EXERCISE -
In this exercise, print only the lines of the records below from the one with "Nerodia rhombifer. Nonvenomous." through the one with "Add an old-style", inclusive. Pictures are not part of the copy.

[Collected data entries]
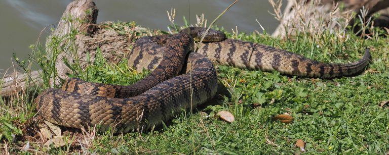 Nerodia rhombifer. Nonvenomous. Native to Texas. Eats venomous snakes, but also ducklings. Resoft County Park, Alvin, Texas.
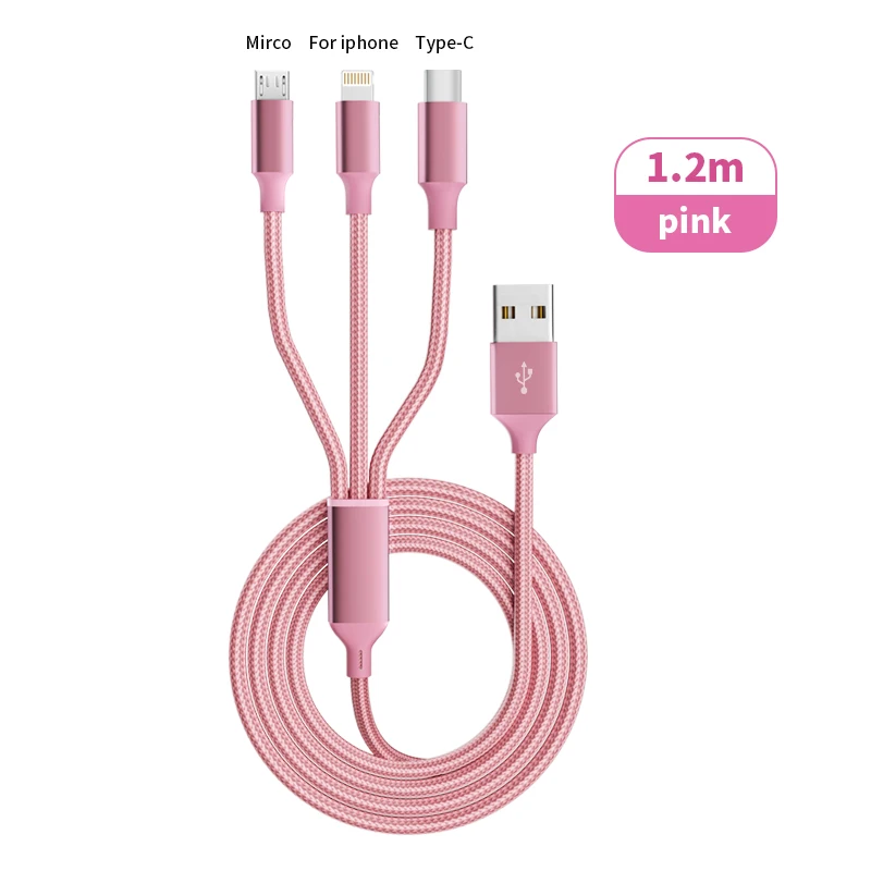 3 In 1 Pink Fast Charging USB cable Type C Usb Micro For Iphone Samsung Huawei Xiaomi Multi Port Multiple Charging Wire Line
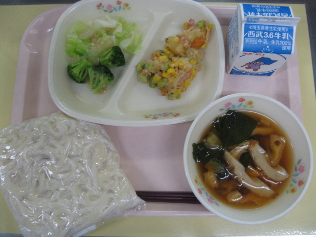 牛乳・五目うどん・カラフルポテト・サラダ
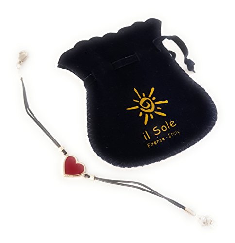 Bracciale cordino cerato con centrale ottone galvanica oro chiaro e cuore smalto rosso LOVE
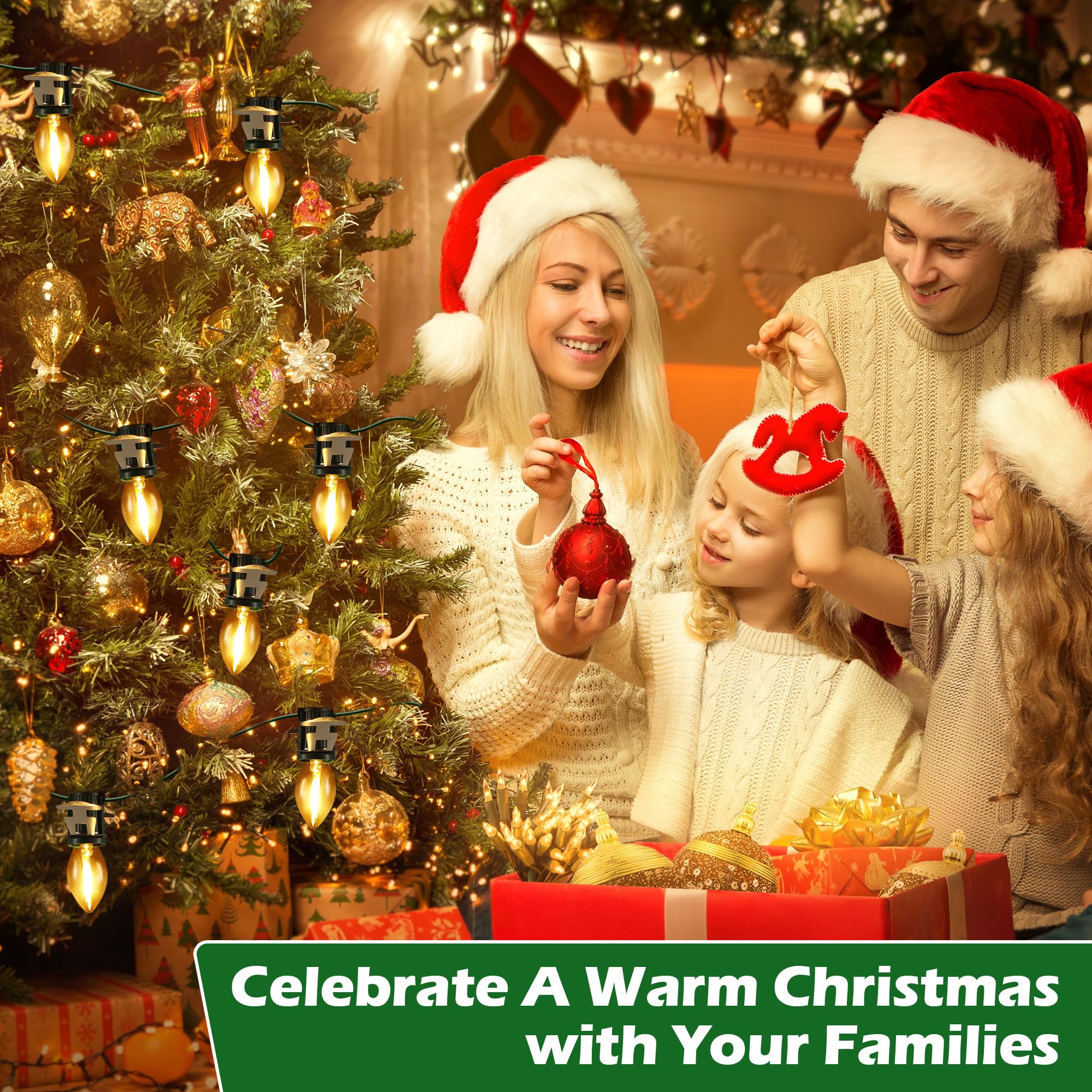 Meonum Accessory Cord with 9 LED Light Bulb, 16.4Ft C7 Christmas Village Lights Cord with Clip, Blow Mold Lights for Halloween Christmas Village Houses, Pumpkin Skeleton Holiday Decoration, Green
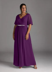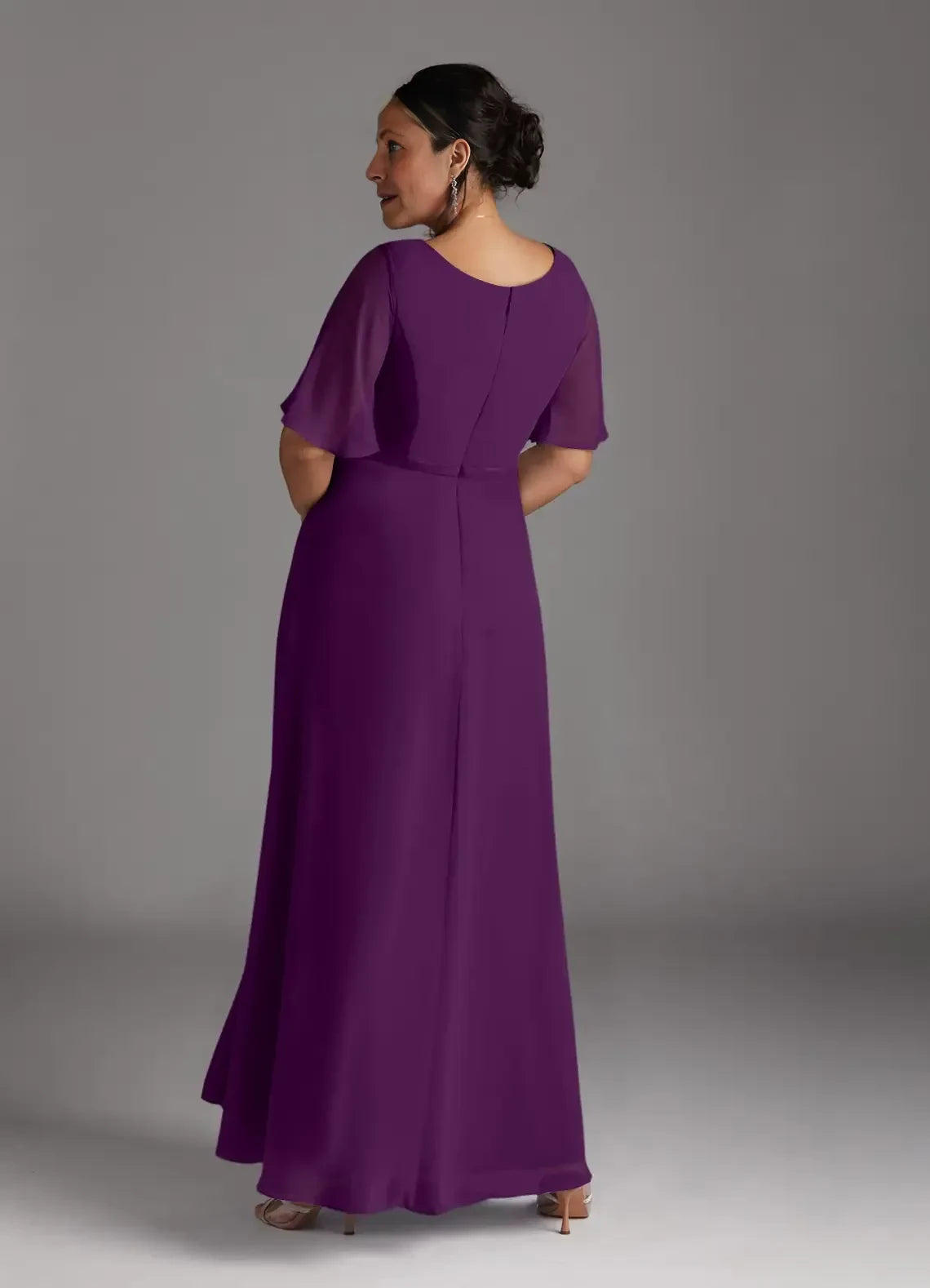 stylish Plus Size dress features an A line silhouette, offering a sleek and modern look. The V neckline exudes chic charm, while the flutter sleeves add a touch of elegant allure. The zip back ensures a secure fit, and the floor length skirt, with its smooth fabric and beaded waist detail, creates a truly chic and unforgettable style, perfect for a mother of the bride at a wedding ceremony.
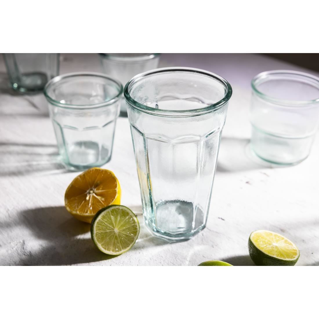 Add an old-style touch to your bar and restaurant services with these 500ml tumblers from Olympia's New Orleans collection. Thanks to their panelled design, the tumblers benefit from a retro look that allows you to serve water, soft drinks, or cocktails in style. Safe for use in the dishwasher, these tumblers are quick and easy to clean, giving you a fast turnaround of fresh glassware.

==

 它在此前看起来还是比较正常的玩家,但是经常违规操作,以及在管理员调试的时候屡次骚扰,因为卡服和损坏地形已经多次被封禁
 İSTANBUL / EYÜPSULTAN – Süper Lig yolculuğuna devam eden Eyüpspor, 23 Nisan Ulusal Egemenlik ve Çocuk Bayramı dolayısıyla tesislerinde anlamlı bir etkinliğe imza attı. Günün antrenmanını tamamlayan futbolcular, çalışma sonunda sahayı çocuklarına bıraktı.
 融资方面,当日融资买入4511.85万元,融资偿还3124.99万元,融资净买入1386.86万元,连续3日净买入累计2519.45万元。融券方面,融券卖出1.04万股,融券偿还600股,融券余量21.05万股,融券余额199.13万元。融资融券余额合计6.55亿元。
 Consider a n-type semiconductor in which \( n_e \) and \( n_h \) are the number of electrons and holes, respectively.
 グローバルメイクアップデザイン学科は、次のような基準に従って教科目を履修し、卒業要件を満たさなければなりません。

EXPECTED ANSWER -
 Nerodia rhombifer. Nonvenomous. Native to Texas. Eats venomous snakes, but also ducklings. Resoft County Park, Alvin, Texas.
 3 In 1 Pink Fast Charging USB cable Type C Usb Micro For Iphone Samsung Huawei Xiaomi Multi Port Multiple Charging Wire Line
 牛乳・五目うどん・カラフルポテト・サラダ
 Bracciale cordino cerato con centrale ottone galvanica oro chiaro e cuore smalto rosso LOVE
 Meonum Accessory Cord with 9 LED Light Bulb, 16.4Ft C7 Christmas Village Lights Cord with Clip, Blow Mold Lights for Halloween Christmas Village Houses, Pumpkin Skeleton Holiday Decoration, Green
 stylish Plus Size dress features an A line silhouette, offering a sleek and modern look. The V neckline exudes chic charm, while the flutter sleeves add a touch of elegant allure. The zip back ensures a secure fit, and the floor length skirt, with its smooth fabric and beaded waist detail, creates a truly chic and unforgettable style, perfect for a mother of the bride at a wedding ceremony.
 Add an old-style touch to your bar and restaurant services with these 500ml tumblers from Olympia's New Orleans collection. Thanks to their panelled design, the tumblers benefit from a retro look that allows you to serve water, soft drinks, or cocktails in style. Safe for use in the dishwasher, these tumblers are quick and easy to clean, giving you a fast turnaround of fresh glassware.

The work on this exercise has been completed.